Wien/Washington - Auf der Suche nach der idealen Ernährung für den Menschen, richten Wissenschafter neuerdings den Blick weit zurück in die Vergangenheit. "Immer mehr Hinweise weisen darauf hin, dass das Missverhältnis zwischen unserer modernen Diät sowie Lifestyle und unserem unveränderten altsteinzeitlichen Genom eine Hauptursache für das epidemische Übergewicht, Bluthochdruck, Diabetes, Atherosklerose und Herz-Kreislauferkrankungen sind", so Mediziner der renommierten Mayo-Klinik im US-Bundesstaat Minnesota. Ihre Lösung: Unsere Nahrungsaufnahme sollte sich an jener der urzeitlichen Jäger und Sammler orientieren.

Wilde Nahrungsmittel

Die landwirtschaftliche Revolution vor etwa 10.000 Jahren veränderte die Ernährung des Menschen schlagartig. Die rund 2,5 Millionen Jahre davor konsumierten Jäger und Sammler vor allem wilde und unbehandelte Nahrungsmittel wie Obst, Wurzeln, Gemüse, Nüsse, Fisch und Fleisch, aber kaum raffinierte Getreideprodukte. "Diese Umstände führten zu einer Diät, die sich aus einer hohen Menge an magerem Protein, mehrfach ungesättigten Fetten, Vitaminen, Mineralien und anderen hilfreichen Inhaltsstoffen zusammensetzte", so James H. O' Keefe und Loren Cordain in ihrer Untersuchung "Cardiovascular Disease Resulting From a Diet and Lifestyle Odds With Our Paleolithic Genome: How to Become a 21st-Century Hunter-Gatherer".

Diese Ernährung dürfte den Jägern und Sammlern recht gut bekommen sein. "Historische und anthrolopogische Studien zeigen, dass die Jäger und Sammler generell fit und gesund waren sowie weitgehend keinerlei Herz-Kreislauferkrankungen aufwiesen", argumentieren die Autoren.

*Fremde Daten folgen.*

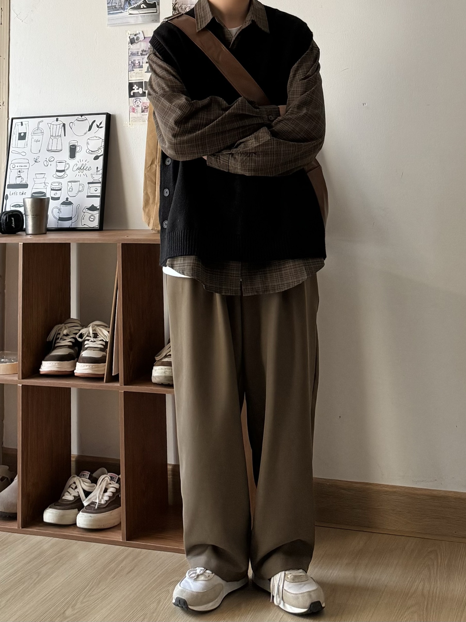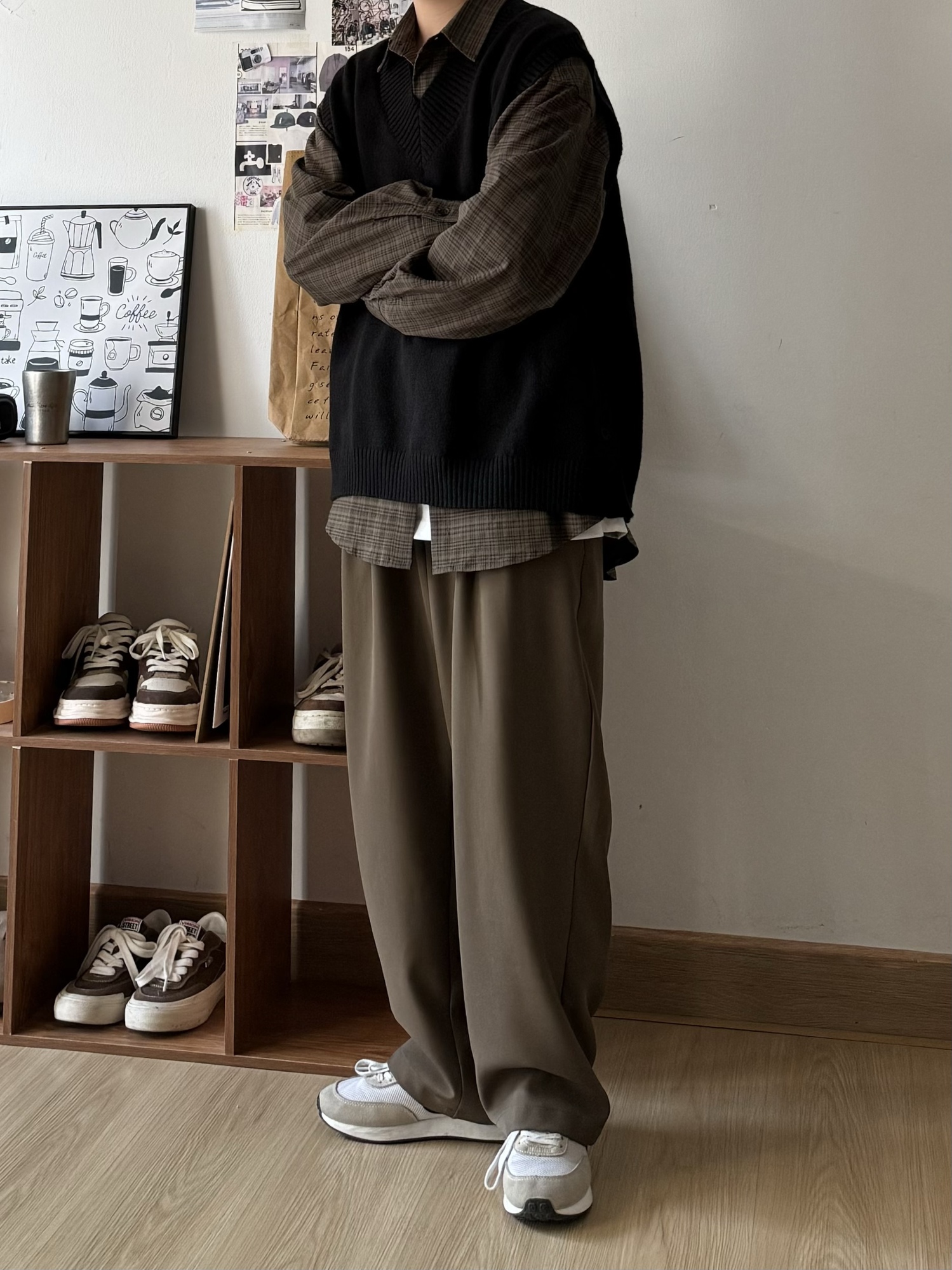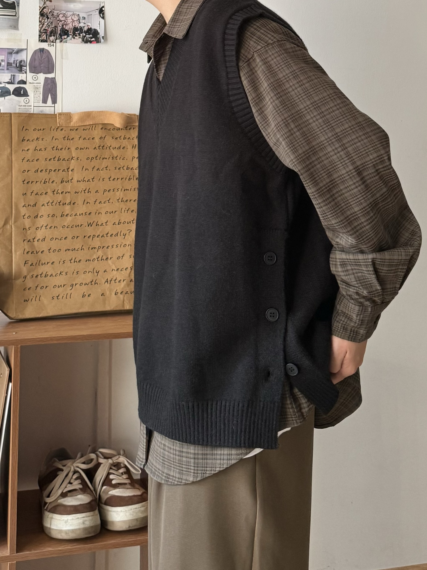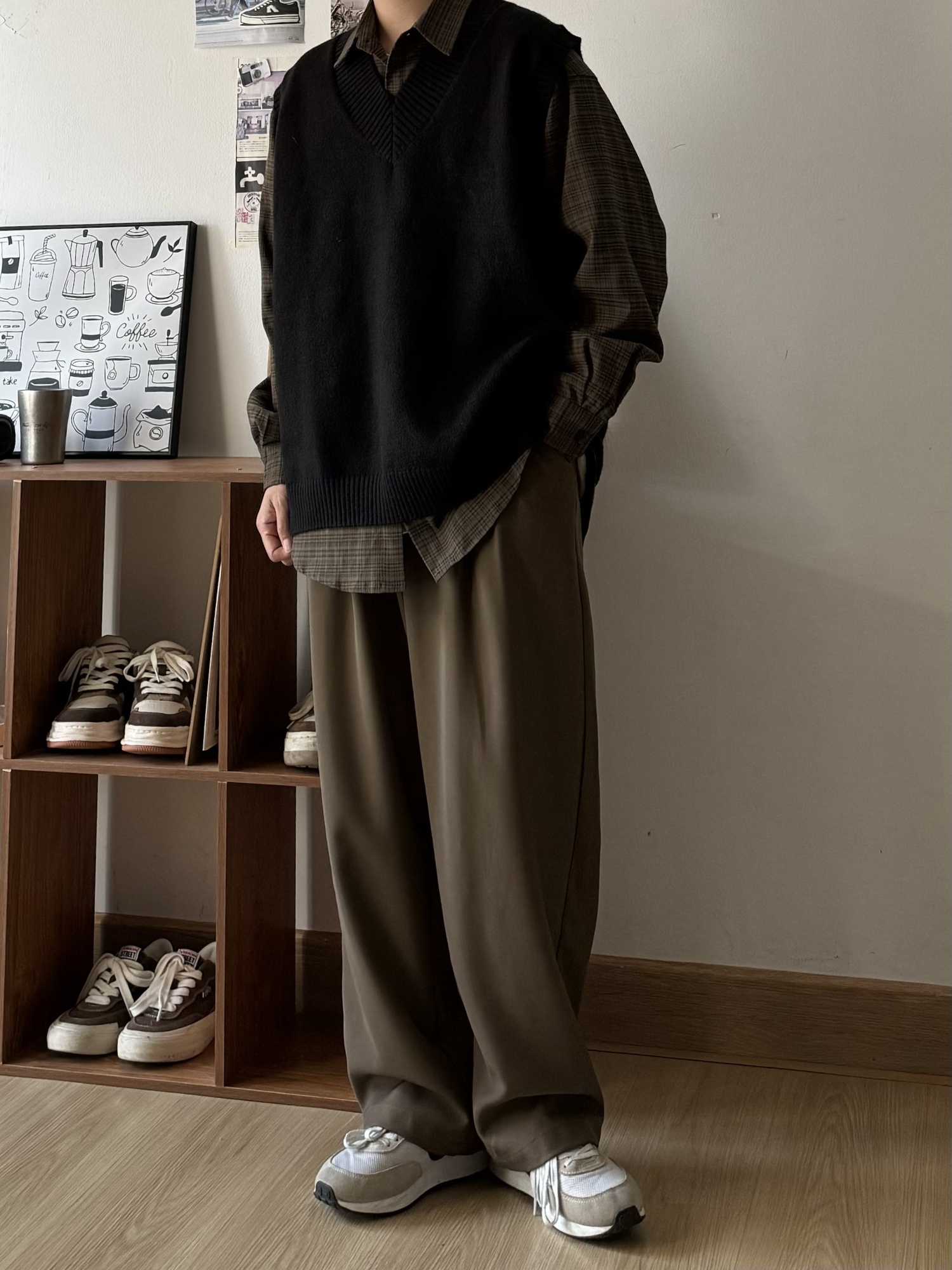 日系男裝秋冬休閒寬松V領針織馬甲毛衣復古純色中性情侶背心男女

Die Annahme, dass unsere Ahnen unternährt waren, ist den Wissenschaftern zufolge völlig falsch. Die Ernährungsweise enthielt zwei bis drei Mal so viele Ballaststoffe wie die heutige, 1,5 bis zwei Mal so viele mehrfach ungesättigte Fettsäuren, vier Mal mehr Omega-Fettsäuren, zwei bis drei Mal so viel Protein und drei bis vier Mal so viel Kalium. Zucker und raffinierte Getreideprodukte kamen in dieser Diät überhaupt nicht vor.

Der heutigen Ernährung entgegengesetzt

Die gegenwärtige Ernährung in den westlichen Industrienationen ist jener der ehemaligen Jäger und Sammler genau entgegengesetzt. Nicht allein, dass wir uns unser Essen nicht mehr selber erlegen müssen und so nicht mehr dazu gezwungen sind, uns zu bewegen, wir konsumieren vor allem verarbeitete, künstliche Nahrungsmittel, mit einem geringen Anteil an frischem Obst und Gemüse. "Auf sozialer Ebene sind wir vielleicht Menschen des 21. Jahrhunderts, aber genetisch leben wir immer noch in der Altsteinzeit", kritisieren die Autoren.

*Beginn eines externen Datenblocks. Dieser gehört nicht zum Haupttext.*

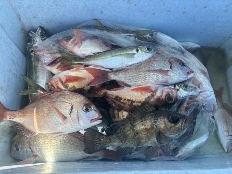 アジビシ五目船 2025年2月21日 アジ 30〜40cm10〜18本 赤・黒メバル 20〜35cm12〜20匹 ハナダイ 25〜40cm3〜10枚 サバ混じり。 アジだけではなく様々な魚種が釣れました! 次回3月4日(火曜) アジビシ五目船で出船予定。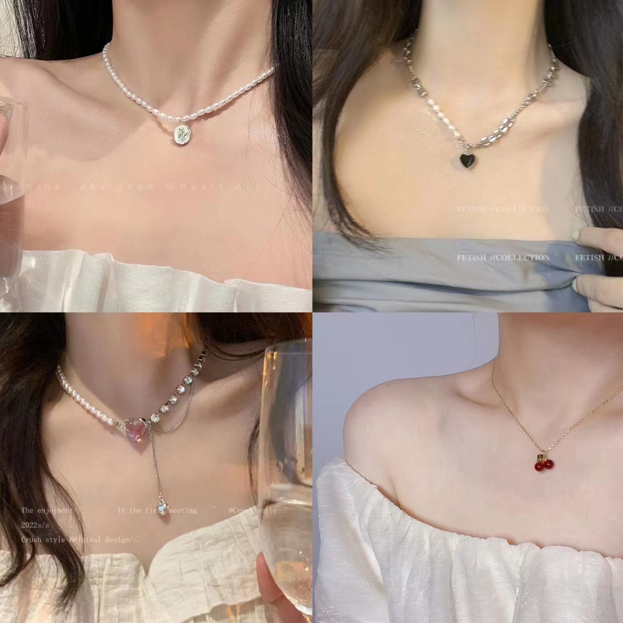 韩版饰品项链仙女气质百搭简约颈链小众蝴蝶结爱心珍珠锁骨链批发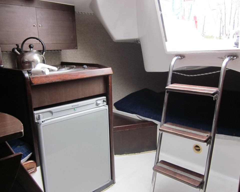 Wyposażenie dodatkowe: bramka do kladzenia masztu, sztywny sztag, roll fok, instalacja wody - zbiornik, radio, mp3, lodówka, ogrzewanie, instalacja 230 V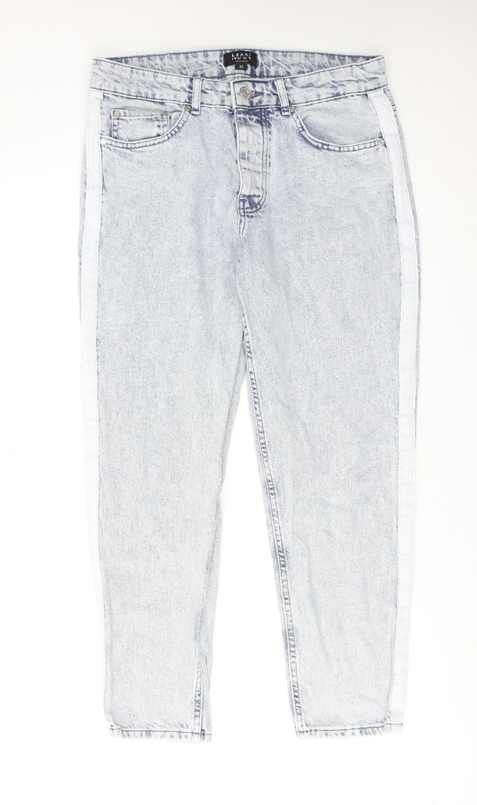 Boohoo Mens Blue Cotton Tapered Jeans Size 32 in Regular Zip - Side Stripe Detail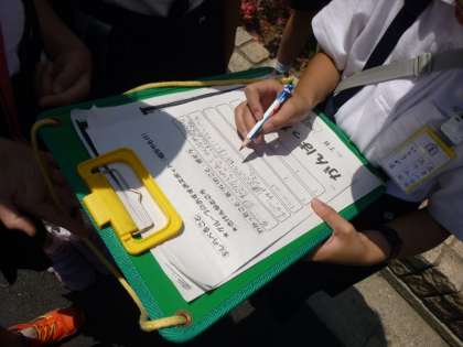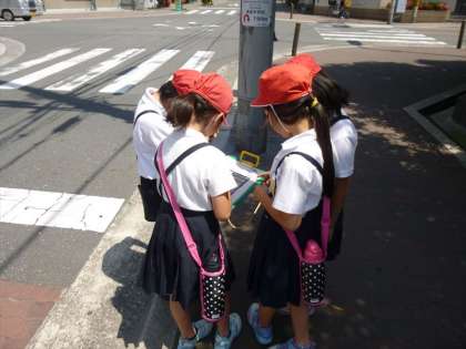 校区探検は社会科の授業の一環としておこなわれ、子どもたちは慣れない地図をみながら自分たちの「おすすめスポット」をさがしていました。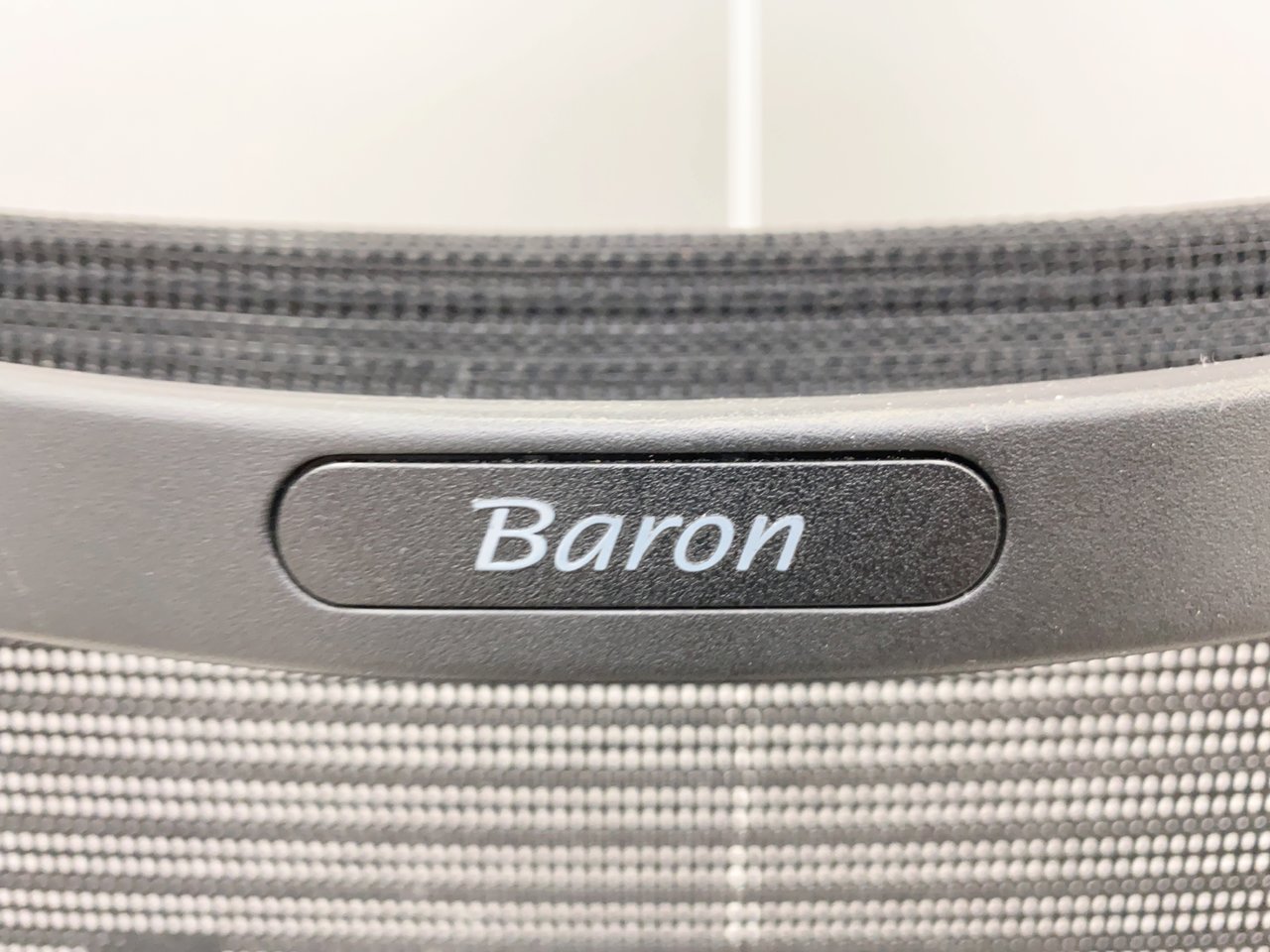 発売当時、既に人気を博していたオカムラの高級チェア、コンテッサから手元で座高調整ができるスマートオペレーション機能を取り除くなどしてリーズナブルにしたのがバロンです。その際に少しだけコンパクト化されました。そのことが、日本人の体格、日本のオフィス、家庭環境に適し、国内で多くのシェアを獲得する要因の一つになったのではないかと思います。

Die Wissenschafter schlagen vor, die Ernährung unserer Ahnen nachzuahmen. Dabei sollten gesättigte Fette durch mehrfach ungesättigte ersetzt und besonders mehr Omega-3-Fettsäure konsumiert werden. Weiters sollte die Einnahme von frischen Nahrungsmitteln wie Obst, Gemüse und Nüssen auf bis zu acht Portionen am Tag drastisch erhöht werden. Weiters am Speiseplan stehen: Mageres Fleisch und Fisch. Zucker und verarbeitete Getreideprodukte sind hingegen weitgehend zu meiden.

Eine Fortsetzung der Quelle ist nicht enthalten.